The sergeant raised himself to his feet and stood erect on the snowy hillside. “When Bent’s time was nearly up I asked for the _Saut Sauvage_ assignment, and Bowman sent me to take command of the outpost up there. I’m supposed to be on my way to that place.”
“I understand now,” said Kit, “why he’ll kill you if he can.”
“Of course,” said Jerry carelessly. “I want to nail him when he gets that sledge, and he knows it.” The policeman knitted his brows darkly. “The trouble is,” he reflected, “I can’t keep the assignment. Something else has turned up.”
He contemplated his brother with shrewd eyes for a moment, and then faintly nodded his head as though he had made up his mind about something.
“Kit,” he declared, “it’s the luckiest thing in the world that you turned up when you did. I needed you frightfully. But you were always like that--an on-the-spot Johnny. You ready to carry on, Cocky-bird?”
“You know I am.”
“Good! It’s an outrageous and extremely hazardous business I’m wishing on you. But I have no choice. You’re to go up there instead of me, and stick tight to this Bent, and get him.”
“All right,” said Kitchener. “I’d like to.”
“I’m not going to report at all, Crowfeathers. I’ve got something else to do. But I don’t want to be let out of the service for going A.W.O.L.--heading off on my own. I’ve disgraced you plenty as it is.”
Kit watched his brother uneasily. “What are you going to do?”
“You and I don’t look a lot alike,” Jerry temporized. “I’m a darned sight better-looking guy than you, if it comes to that. But at the same time you approximate me enough to get by. Luckily the two constables up at _Saut Sauvage_ have never seen me.”
“What--?” Kit stopped, his startled eyes dilating as he began to gather the drift of Jerry’s plans. “You don’t mean--”

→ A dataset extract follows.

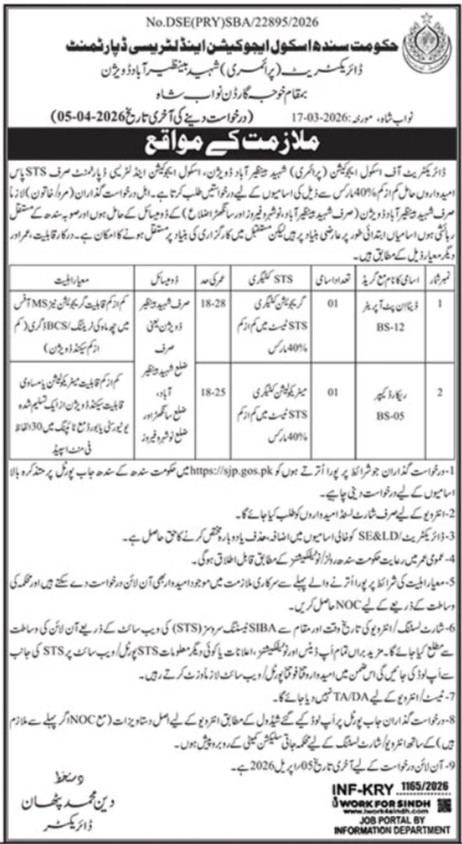 The School Education & Literacy Department invites applications from qualified candidates for multiple positions as advertised in the Daily Jang Newspaper on March 20, 2026, for Nawabshah, Sindh.

“That’s why I introduced you to Diane as Buck Tearl,” Jerry assured him with a bland smile. “The idea was beginning to ferment even then. I can’t take the patrol, you understand, so somebody will have to go in my place. I’ll put you in my uniform and give you my credentials, and you go north and tell ’em you’re Sergeant Buck Tearl of the royal police. You’ll take command of the outpost at _Saut Sauvage_.”